• **Given data**
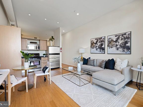 Welcome to this contemporary 1 bed/1 bath bright and airy loft right off of the famous 14th St NW! Entering the home, you’re greeted with an abundance of natural light from the wall of south-facing floor-to-ceiling windows and towering ceilings, and then at night, the loft is well-lit with newly installed recessed lighting throughout. The bath adjacent to the entrance features new glass shower doors, a washer/dryer, and dark tile flooring sure to please the eyes. Up a few steps is the lofted primary bedroom, whose floors were just redone with hardwood and has a sizeable walk-in closet. Under the loft is a pullout drawer for bonus storage. Moving through the home, the kitchen boasts stainless steel appliances, open-facing shelving, and cabinetry. The open floor plan living area leads to the private balcony with views headed south to 14th St. With the winter months approaching, the newly installed HVAC is sure to keep Whole Foods, and several award-winning restaurants. Minutes to the Metro, Logan Circle, Shaw, and downtown DC.
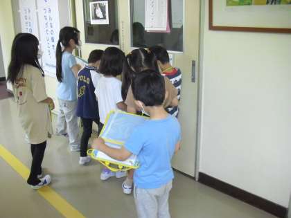 1年生が、生活科の時間に、学校たんけんをしました。
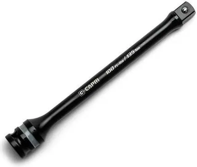 California Proposition 65: This product contains a chemical known to the State of California to cause birth defects or other reproductive harm. Use torque limiting extension bar with an impact wrench to ensure consistently accurate torque for your fasteners. Premium Chrome Molybdenum steel construction. 1/2 in. Drive. 100 ft. lbs. (135 Nm) torque limit. 8 in. long with color coded ring for quick identification. The Capri Tools Torque Limiting Extension Bars are a must if you use an impact wrench for tightening fasteners. This ensures that you achieve consistent torque accuracy on each and every piece. Made with premium Chrome Molybdenum construction. 1/2 in. Drive, 8 in. long with color coded ring for quick identification.
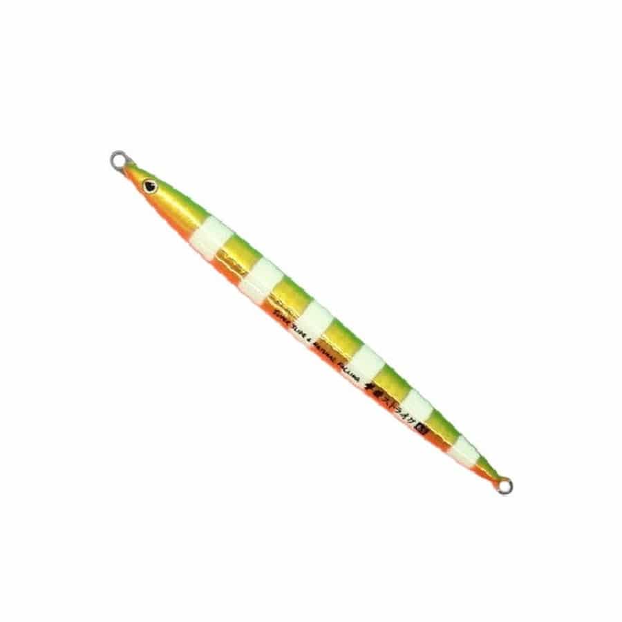 ただ頑強なだけじゃない。大型青物迎撃ロング。1,変型防止のステンレス鋼板「タフボーン」内蔵です。ワイヤーではありません。2,塗装は耐衝撃仕様です。磯にぶつかった箇所のみが凹むことを目指しています。3,「スライド」→「浮遊」→「水平フォール」の移行がスムーズです。通常のジグよりも大型青物に見切られることなくバイトを得やすくなっています。4,ジグのエッジに丸みを持たせ、フォール時のスライスを排除。フォールから着底までの迅速さはシリーズ最速です。150グラムなら激流帯ではプラス30グラムのフォール感覚です。5,飛距離へのこだわりは撃投シリーズ15年の蓄積。飛行姿勢(=飛距離)はロングジグでは類を見ない感覚です。

• **The problem**
The copy should run from the first line of the material above through the line with "1年生が、生活科の時間に、学校たんけんをしました。", repeated exactly and without pictures.

• **Finished task**
 Welcome to this contemporary 1 bed/1 bath bright and airy loft right off of the famous 14th St NW! Entering the home, you’re greeted with an abundance of natural light from the wall of south-facing floor-to-ceiling windows and towering ceilings, and then at night, the loft is well-lit with newly installed recessed lighting throughout. The bath adjacent to the entrance features new glass shower doors, a washer/dryer, and dark tile flooring sure to please the eyes. Up a few steps is the lofted primary bedroom, whose floors were just redone with hardwood and has a sizeable walk-in closet. Under the loft is a pullout drawer for bonus storage. Moving through the home, the kitchen boasts stainless steel appliances, open-facing shelving, and cabinetry. The open floor plan living area leads to the private balcony with views headed south to 14th St. With the winter months approaching, the newly installed HVAC is sure to keep Whole Foods, and several award-winning restaurants. Minutes to the Metro, Logan Circle, Shaw, and downtown DC.
 1年生が、生活科の時間に、学校たんけんをしました。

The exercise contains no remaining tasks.